The structural properties of market data are specific. It’s predominantly append-only and time-ordered, with the exception handling — late arrivals, feed corrections, out-of-order events — that any production feed handler has to absorb. It’s high cardinality across symbols, venues, and identifiers, correlated across instruments and asset classes, and queried across windows that range from intraday to multi-year. For latency-sensitive strategies, it’s measured in microseconds; across the broader capital markets stack, millisecond and second-level granularity is more common but the volume and cardinality properties hold regardless.

These properties determine how well data compresses, how efficiently it is accessed in memory, how joins perform, and how the system behaves under load.

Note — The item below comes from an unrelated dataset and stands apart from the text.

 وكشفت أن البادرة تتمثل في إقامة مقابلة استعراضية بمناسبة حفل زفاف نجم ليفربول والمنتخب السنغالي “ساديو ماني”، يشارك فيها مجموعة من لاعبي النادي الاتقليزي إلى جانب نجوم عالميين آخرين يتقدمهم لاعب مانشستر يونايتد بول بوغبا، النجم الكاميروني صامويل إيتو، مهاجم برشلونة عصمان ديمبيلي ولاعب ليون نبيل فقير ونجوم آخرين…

General-purpose databases can store and query time-series data effectively. Their internal execution models, however, are optimised for flexibility and horizontal scaling across diverse industries — which carries architectural trade-offs that become visible under high-cardinality financial workloads: storage grows faster than anticipated, CPU utilisation rises disproportionately during wide scans, and query latency distributions widen exactly when you need stability.

Individually, each friction point is manageable. Cumulatively, over multi-year retention and multi-asset scale, they drive real cost.

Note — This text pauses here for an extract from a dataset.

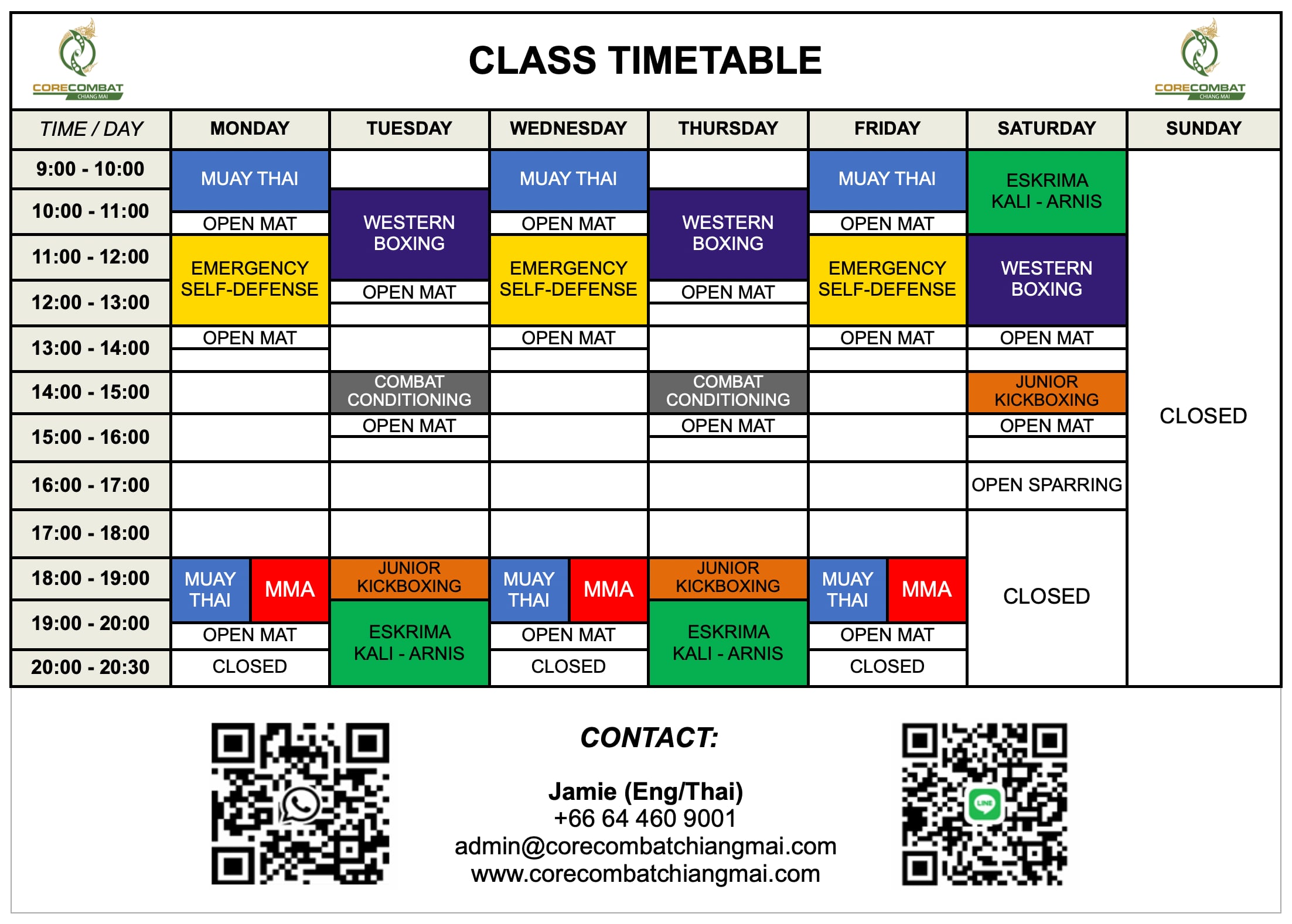 Check out our classes of Martial Arts, Muay Thai, Western Boxing, MMA, Eskrima, Emergency Self-Defense, Private Training and Jr Kickboxing classes, offered only at Core Combat Chiang Mai. Schedule your first lesson with us today!

What benchmark evidence shows

To test these differences empirically, we ran controlled benchmarks using the TSBS DevOps workload, a standardised framework that removes environment variables and isolates architectural performance.

Every system ingested the same dataset and executed identical aggregation, filtering, and group-by queries on identical hardware.

KDB-X ran in Community Edition mode: one q process, 16 GB of memory, four execution threads — roughly 1.5% of available CPU threads and 8% of system memory. Competing open-source systems ran in default configuration with full hardware access.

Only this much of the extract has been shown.